Work task
Write out word for word each line from the one containing "ボディーラインを強調し、清潔" through the close of the listing, including both ends. Pictures do not belong in the copy.
+ + + + + + +
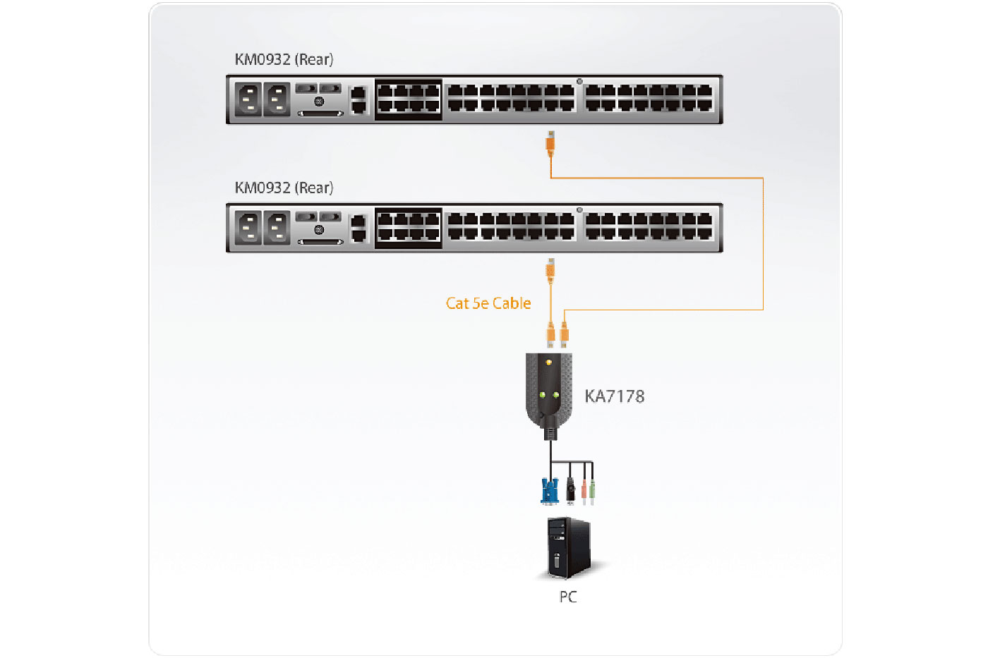 Koncový modul KVM (klávesnice, video, myš, audio) pro KVM přepínače ATEN. Modul umožňuje připojení až ke dvěma KVM přepínačům.
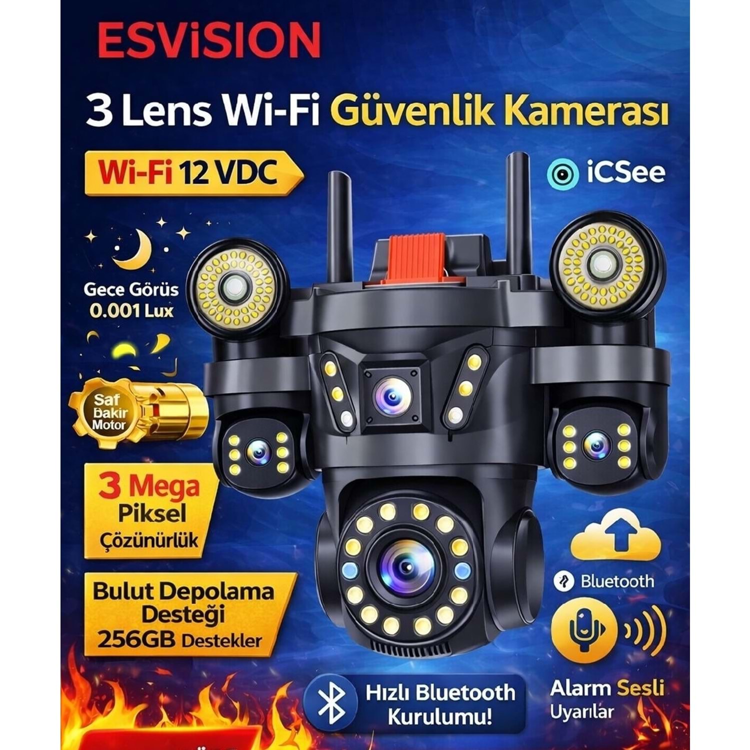 ES-9003 WİFİ CAMERA 3 LENS ESVISION KAMERA (KOLİ12)
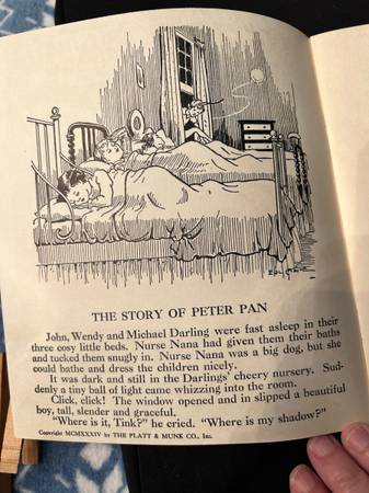 $20 each or $30 for any two books, $40 for all three vintage children's books "Peter Pan" and "Tom Thumb". The books were published by Platt & Munk Co. and is identified by "No. 3000 B"....
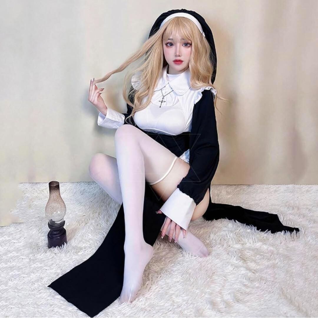 ボディーラインを強調し、清潔感とエロテッィクさが融合されたシスター風コスチュームです(*^^*)
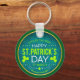 The design displays a round, green St. Patrick's Day. The Keychains features a dark green background with a lighter green border and gold/yellow text and design elements.
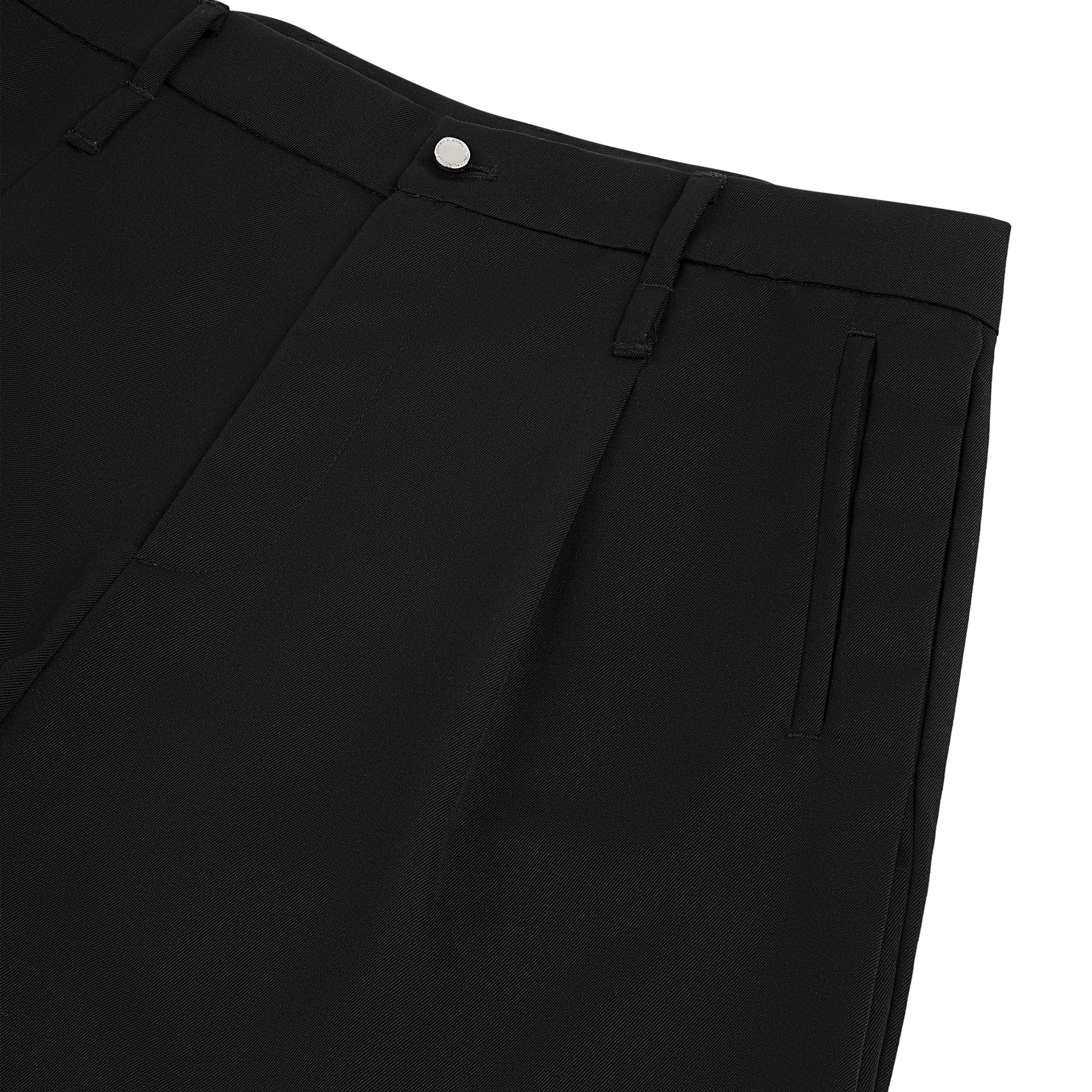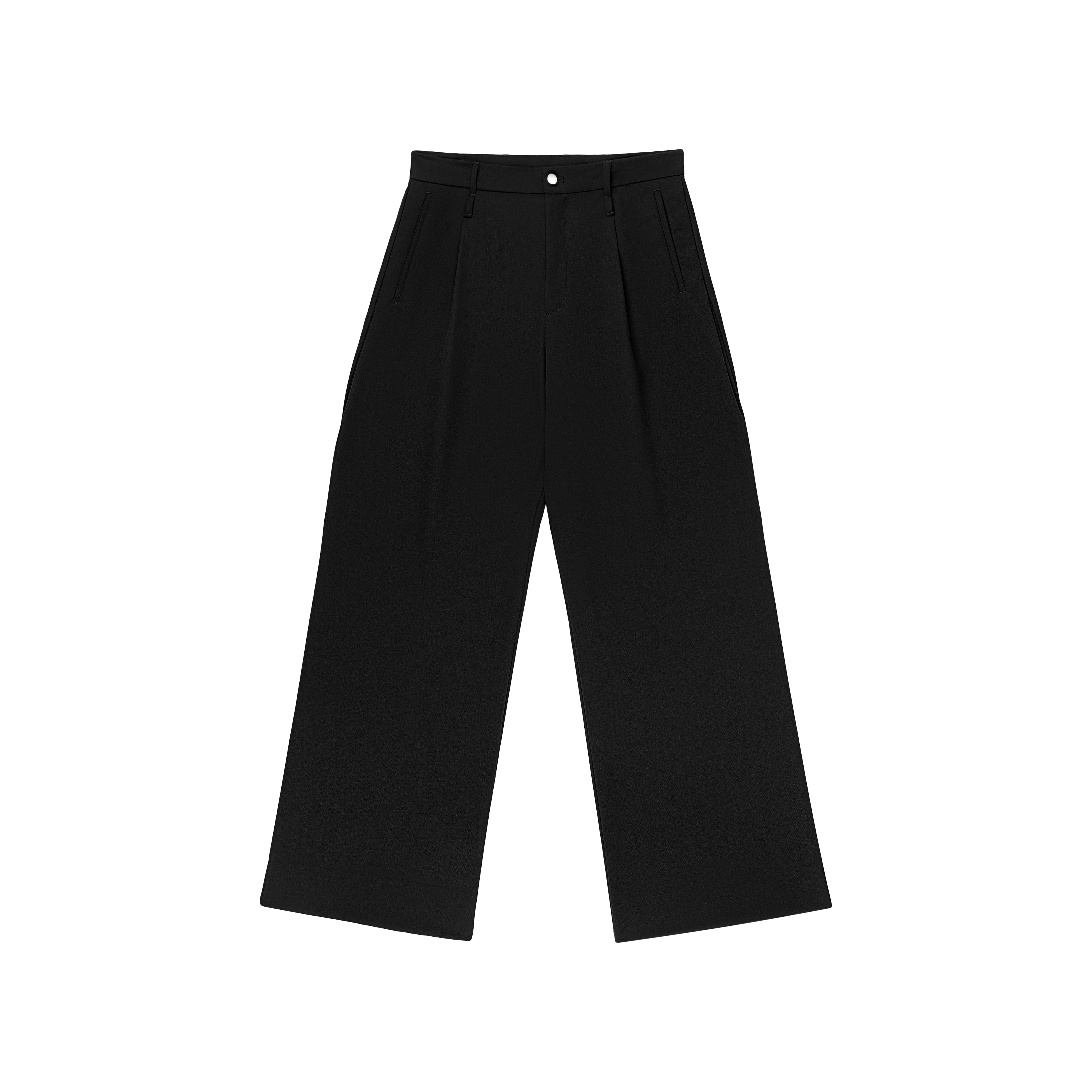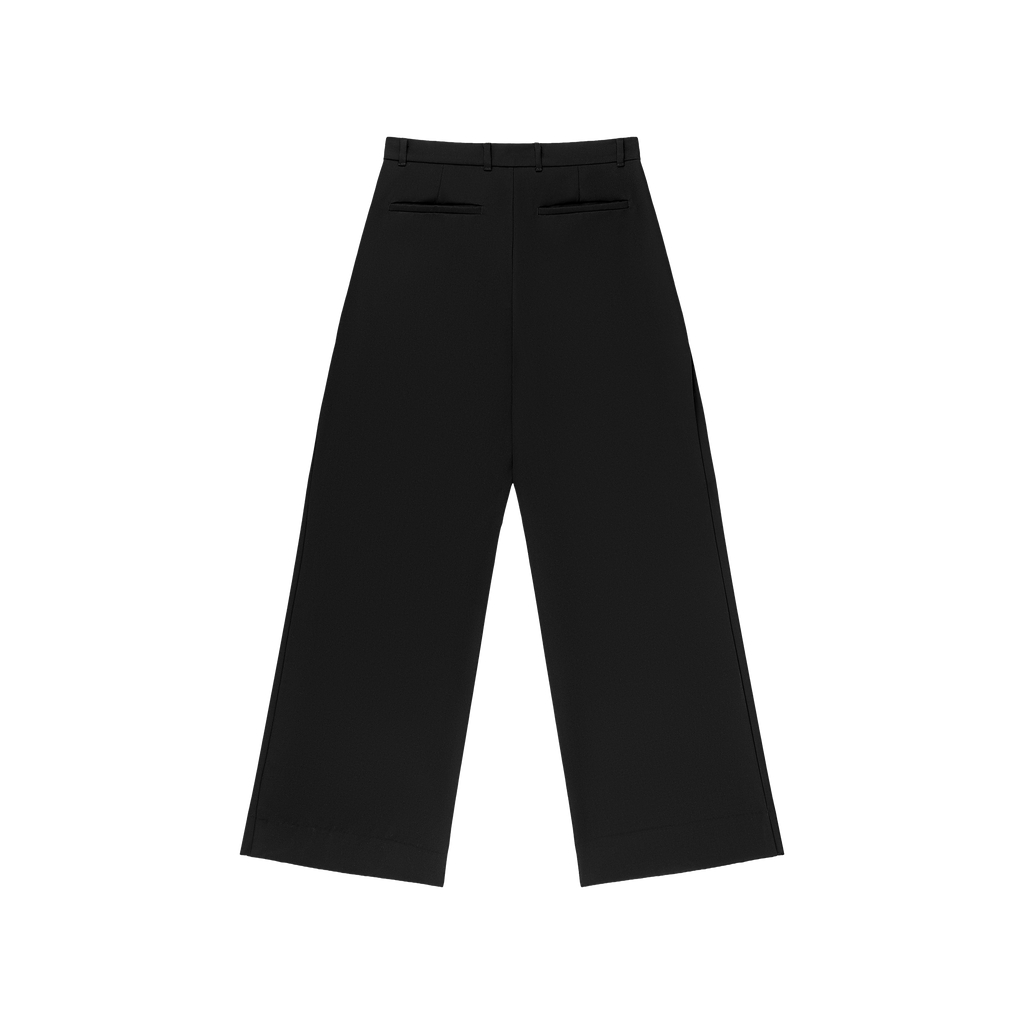 The wool pleat pants are a wide leg, relaxed fit pant with front and side pleats. Finished with a front zipper and custom JOSHUA MOHAMED main button. Constructed from 100% wool.
+ + + + + + +
Problem solution
 ボディーラインを強調し、清潔感とエロテッィクさが融合されたシスター風コスチュームです(*^^*)
 The design displays a round, green St. Patrick's Day. The Keychains features a dark green background with a lighter green border and gold/yellow text and design elements.
 The wool pleat pants are a wide leg, relaxed fit pant with front and side pleats. Finished with a front zipper and custom JOSHUA MOHAMED main button. Constructed from 100% wool.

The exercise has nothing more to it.